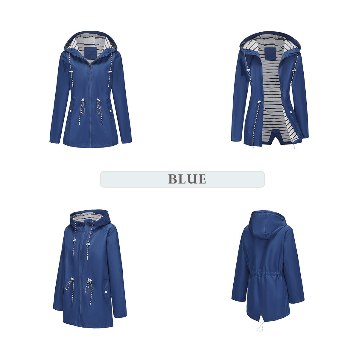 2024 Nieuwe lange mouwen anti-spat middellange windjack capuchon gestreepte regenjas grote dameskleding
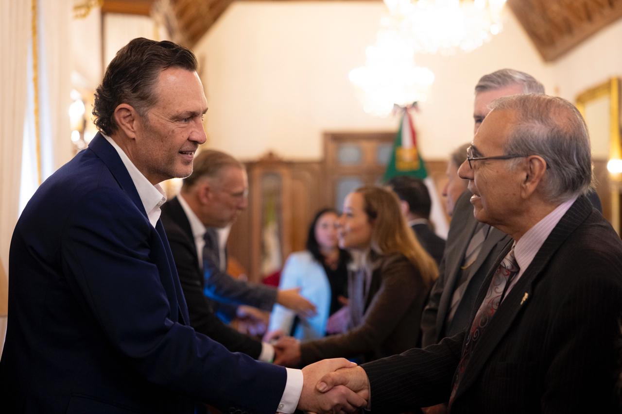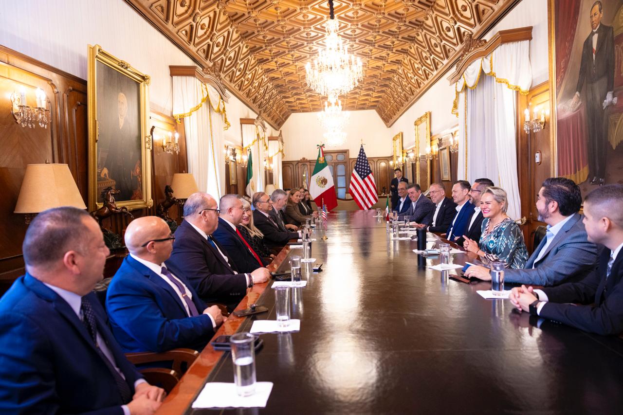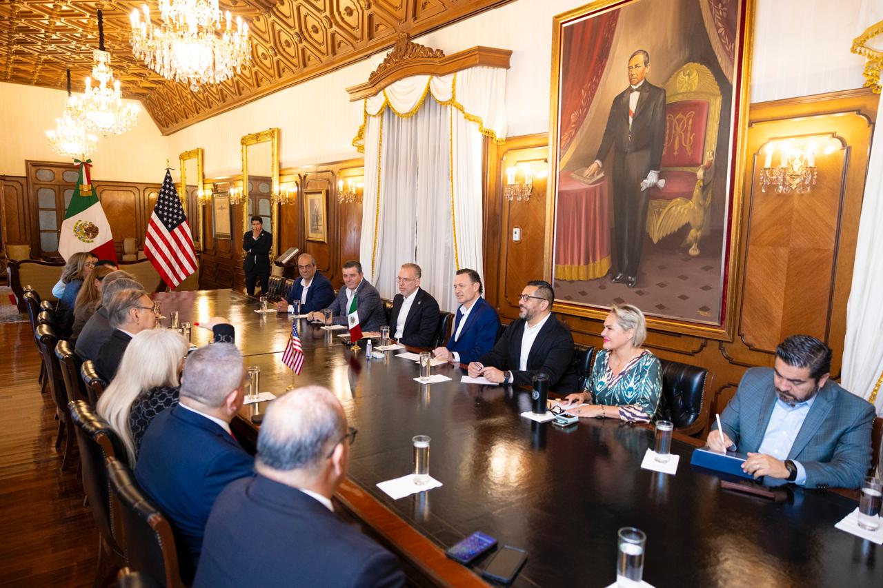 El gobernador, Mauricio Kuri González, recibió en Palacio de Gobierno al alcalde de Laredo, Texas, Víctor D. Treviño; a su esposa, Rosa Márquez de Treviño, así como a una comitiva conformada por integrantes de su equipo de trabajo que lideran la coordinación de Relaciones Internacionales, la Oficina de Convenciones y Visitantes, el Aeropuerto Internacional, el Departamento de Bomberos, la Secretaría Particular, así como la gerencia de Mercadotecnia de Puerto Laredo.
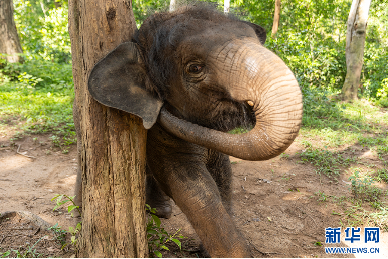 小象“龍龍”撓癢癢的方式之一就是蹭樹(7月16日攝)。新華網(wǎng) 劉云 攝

• [Exercise]: Exclude all pictures and return precisely the lines from the one containing "El gobernador, Mauricio" through the closing line of the data.

• [Response box]:
 El gobernador, Mauricio Kuri González, recibió en Palacio de Gobierno al alcalde de Laredo, Texas, Víctor D. Treviño; a su esposa, Rosa Márquez de Treviño, así como a una comitiva conformada por integrantes de su equipo de trabajo que lideran la coordinación de Relaciones Internacionales, la Oficina de Convenciones y Visitantes, el Aeropuerto Internacional, el Departamento de Bomberos, la Secretaría Particular, así como la gerencia de Mercadotecnia de Puerto Laredo.
 小象“龍龍”撓癢癢的方式之一就是蹭樹(7月16日攝)。新華網(wǎng) 劉云 攝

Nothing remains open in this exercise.